On recovery, we check the value of the status variable, and act accordingly. If the value is IDLE, then no recovery is needed, since both copies are consistent with the most up-to-date state. If the value is MUT, meaning that the main copy is being modified, then we copy the back image over to overwrite the main image, rolling back partial updates made by the incomplete transaction. If the value is COPY, meaning that the system crashes while we copy the value to back image, then the recovery routine copies the main image to back image again to complete the commit process. Note that in the last two cases, since copying one image to the other is an idempotent operation, if the system crashes again during recovery, no special handling is required, and the recovery process can simply restart.
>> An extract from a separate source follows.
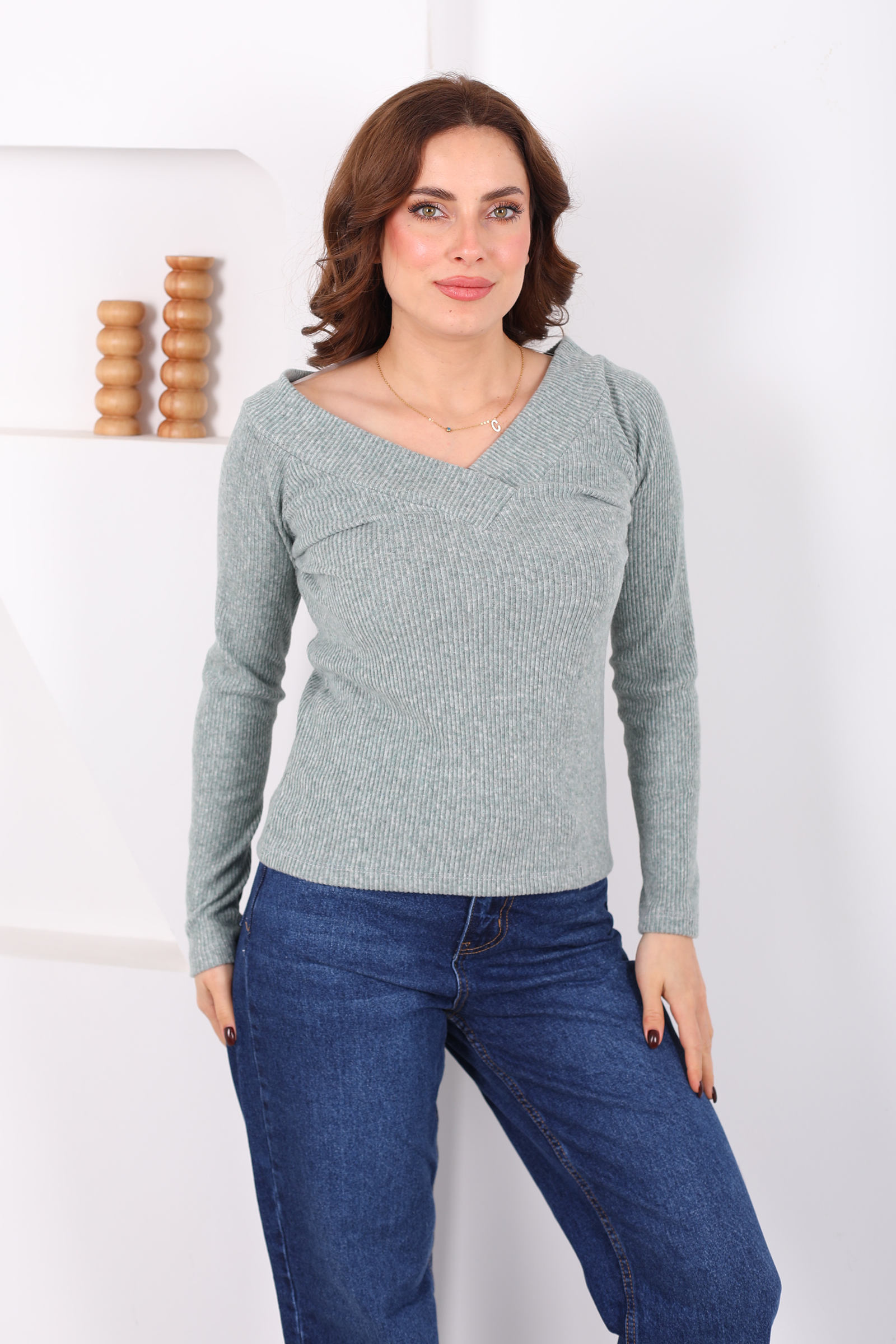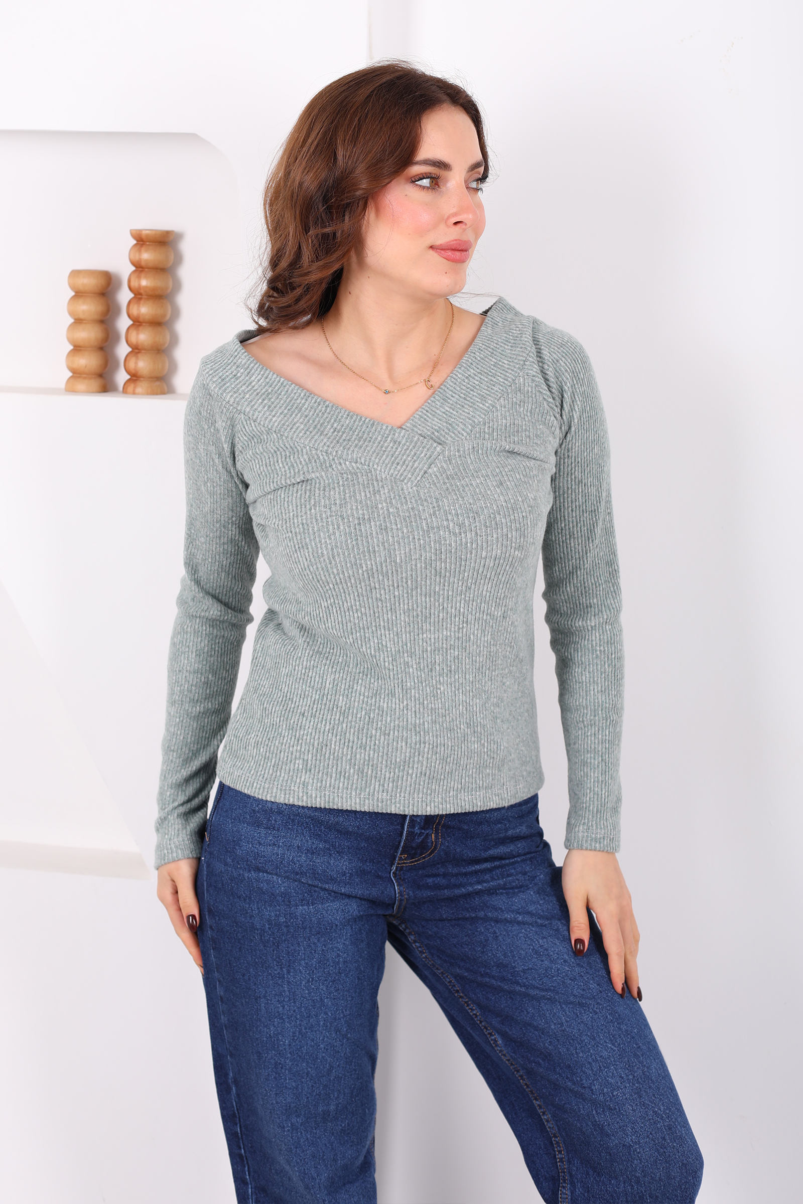 Havuz Yaka Çağla Yeşili Kadın Triko Kazak

The paper proposes one optimization for reducing the amount of data copied when a transaction commits. The transaction commit process requires copying the entire main image to the back image, even if only a small subset of the main image is updated by the transaction. The optimization maintains a log of addresses within DRAM. When a mutating method is called, the start address and the length of affected area is also written into the DRAM log. When the transaction commits, the library call only copies addresses that are present in the log, reducing the amount of data that is copied. Note that the paper claims that this logging optimization, unlike redo or undo logging, does not introduce extra write amplification, since application written data is always duplicated one more times, without writing them into the log. The system maintains a constant write amplification factor of two.
The paper also proposes three ways of supporting concurrent transactions with proper isolation. In the simplest manner, the application can just use a single global lock for serializing concurrent reads and writes, since only one copy of active data is maintained. In the second way, we use flat combining to aggregate update threads’ requests into a local buffer, which will then be taken and fulfilled by a dedicated thread. Only the dedicated thread can access the main copy, and it processes each request from the buffer on behalf of other threads. Requestor threads need to wait for the return value to appear in the buffer before they can return from the function call to maintain linearizability. In the last method, only one update thread is allowed to execute transaction on the main copy and to copy the main image to the back image. Reader threads either access the main image or the back image based on the current state variable. The paper uses an “offset” variable for determining the current read location. The offset variable is added to read addresses within the transaction area to redirect reads to the corresponding copy. When the state variable is IDLE and COPY, we read from the main image since it is consistent. When the variable is MUT, we read from the back image, since the main image is under modification.